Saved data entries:
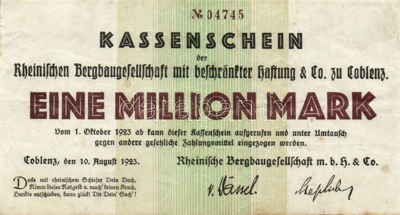 Német Birodalom/Weimari Köztársaság/Coblenz/Rheinische Bergbau... 1923... https://www.darabanth.com/hu/94-Gyorsarveres/94.0/Numizmatika/Nemet-Birodalom-Csaszarsag-Weimari-Koztarsasag-Nemet-Allamok-bankjegyei~274/Nemet-BirodalomWeimari-KoztarsasagCoblenzRheinische-Bergbau-1923-1000000M-TII-~II215163
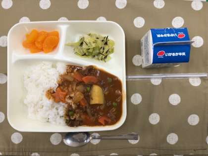 本日の献立は、ハヤシライス、キャベツのひじきドレッシング、みかんの缶詰、牛乳です。
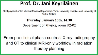 Giovedì 15 gennaio alle 14.30 in aula U2-02 si terrà il seminario "From pre-clinical phase-contrast X-ray radiography and CT to clinical MRI-only workflow in radiation therapy planning" tenuto dal Prof. Dr. Jani Keyriläinen, Chief physicist of the Medical Physics Department, Turku University Hospital, and University of
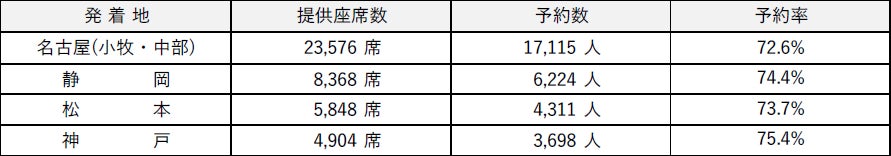 ※ 日本航空とのコードシェア分については、提供座席数および予約数に含まれておりません。
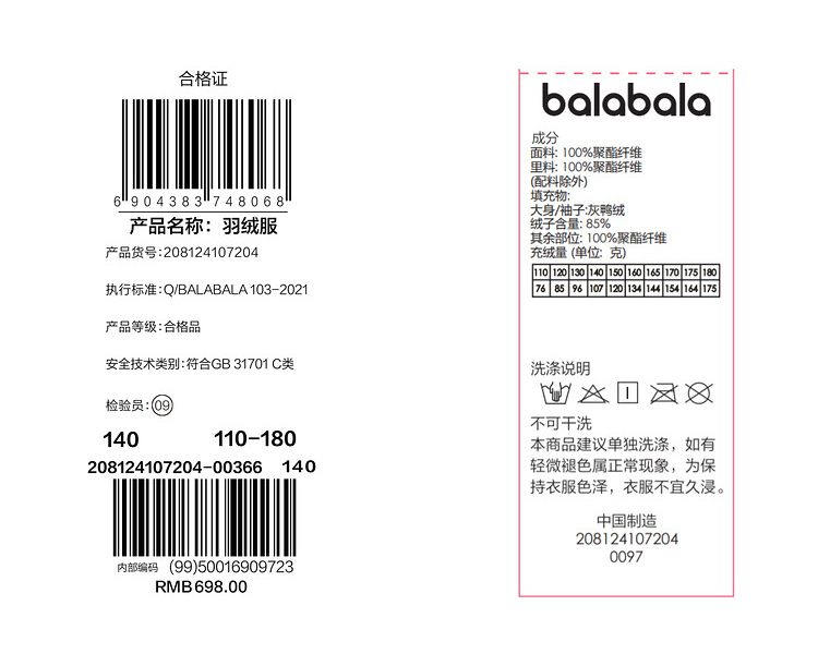 【品牌优选】巴拉巴拉童装儿童羽绒服2024新款春装冬季男女童保暖立领外套上衣
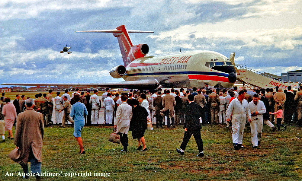 VH-RME. Ansett Airlines of Australia - in the 'delta' livery at Melbourne Tullamarine Airport, January 1973. (R. N. Smith Copyright Image 4610-058.) |

_Problem to solve:_
None of the pictures should appear; repeat the records exactly otherwise.

_Task solution:_
 Német Birodalom/Weimari Köztársaság/Coblenz/Rheinische Bergbau... 1923... https://www.darabanth.com/hu/94-Gyorsarveres/94.0/Numizmatika/Nemet-Birodalom-Csaszarsag-Weimari-Koztarsasag-Nemet-Allamok-bankjegyei~274/Nemet-BirodalomWeimari-KoztarsasagCoblenzRheinische-Bergbau-1923-1000000M-TII-~II215163
 本日の献立は、ハヤシライス、キャベツのひじきドレッシング、みかんの缶詰、牛乳です。
 Giovedì 15 gennaio alle 14.30 in aula U2-02 si terrà il seminario "From pre-clinical phase-contrast X-ray radiography and CT to clinical MRI-only workflow in radiation therapy planning" tenuto dal Prof. Dr. Jani Keyriläinen, Chief physicist of the Medical Physics Department, Turku University Hospital, and University of
 ※ 日本航空とのコードシェア分については、提供座席数および予約数に含まれておりません。
 【品牌优选】巴拉巴拉童装儿童羽绒服2024新款春装冬季男女童保暖立领外套上衣
 VH-RME. Ansett Airlines of Australia - in the 'delta' livery at Melbourne Tullamarine Airport, January 1973. (R. N. Smith Copyright Image 4610-058.) |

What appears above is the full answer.